Data extracts:

BEGIN

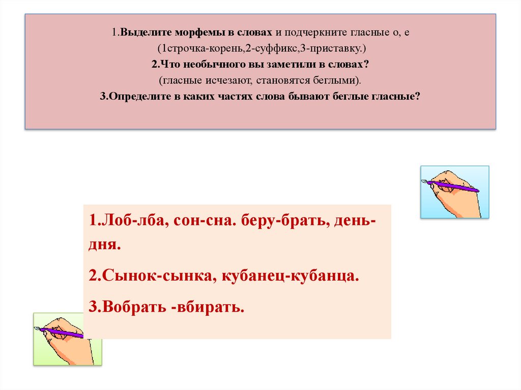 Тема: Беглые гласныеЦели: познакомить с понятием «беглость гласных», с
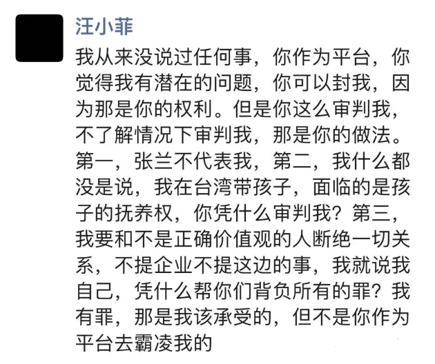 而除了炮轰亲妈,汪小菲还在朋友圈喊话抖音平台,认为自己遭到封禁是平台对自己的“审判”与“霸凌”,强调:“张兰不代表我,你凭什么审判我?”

END
BEGIN

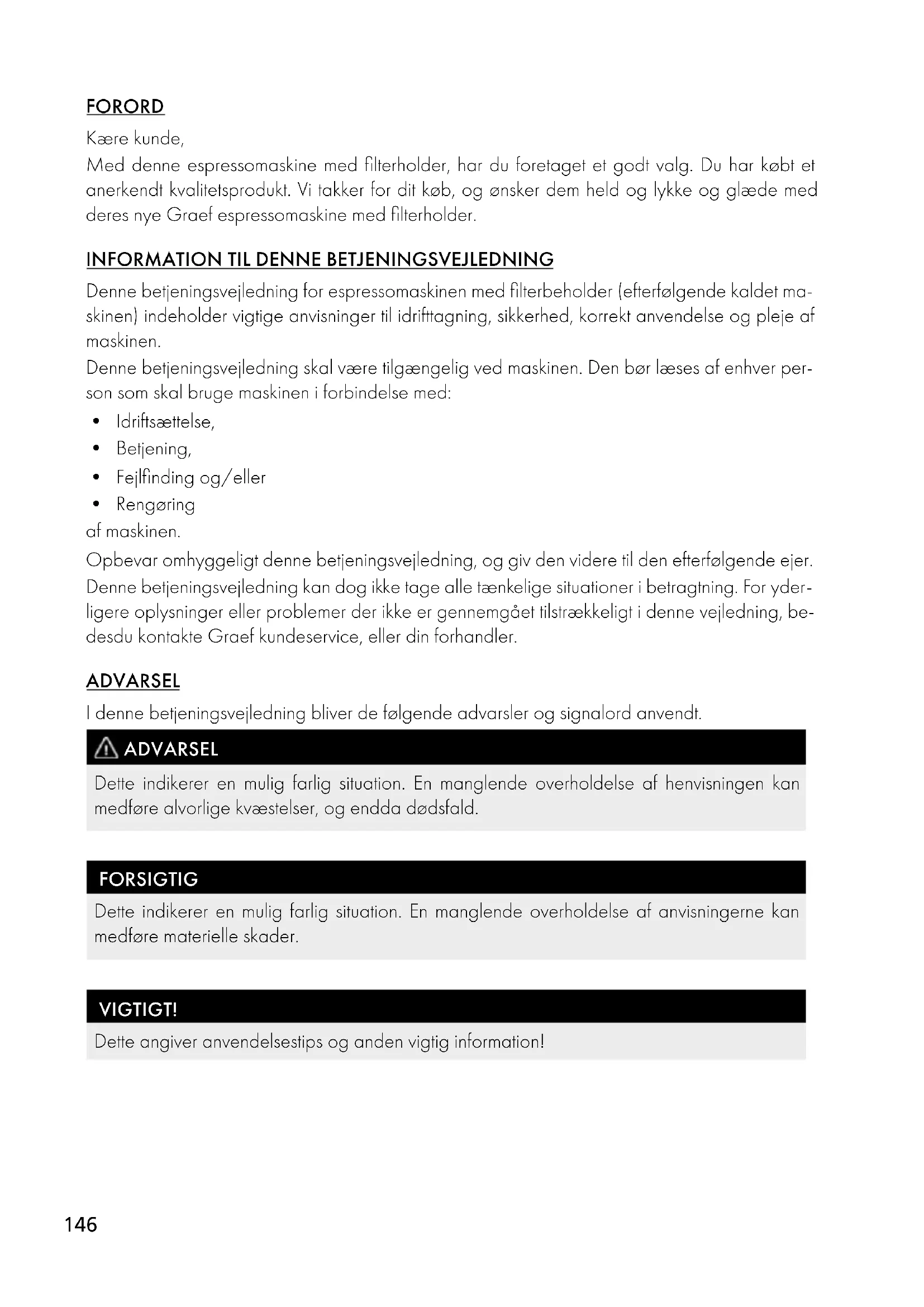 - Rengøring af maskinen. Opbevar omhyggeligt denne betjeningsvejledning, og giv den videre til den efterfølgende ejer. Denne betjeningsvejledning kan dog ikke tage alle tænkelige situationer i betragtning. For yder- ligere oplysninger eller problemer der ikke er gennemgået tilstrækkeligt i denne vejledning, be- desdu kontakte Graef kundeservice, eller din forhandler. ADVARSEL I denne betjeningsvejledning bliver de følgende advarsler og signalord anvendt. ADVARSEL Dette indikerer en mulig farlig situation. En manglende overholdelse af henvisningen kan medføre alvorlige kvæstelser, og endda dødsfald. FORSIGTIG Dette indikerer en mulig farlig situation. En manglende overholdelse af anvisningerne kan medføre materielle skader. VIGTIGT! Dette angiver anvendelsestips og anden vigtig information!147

END

Task statement: Above are some entries. Restate word for word the lines from the one holding "Тема: Беглые гласныеЦели: познакомить" through the one holding "而除了炮轰亲妈,汪小菲还在朋", but not the pictures.

Answer to this exercise:
 Тема: Беглые гласныеЦели: познакомить с понятием «беглость гласных», с
 而除了炮轰亲妈,汪小菲还在朋友圈喊话抖音平台,认为自己遭到封禁是平台对自己的“审判”与“霸凌”,强调:“张兰不代表我,你凭什么审判我?”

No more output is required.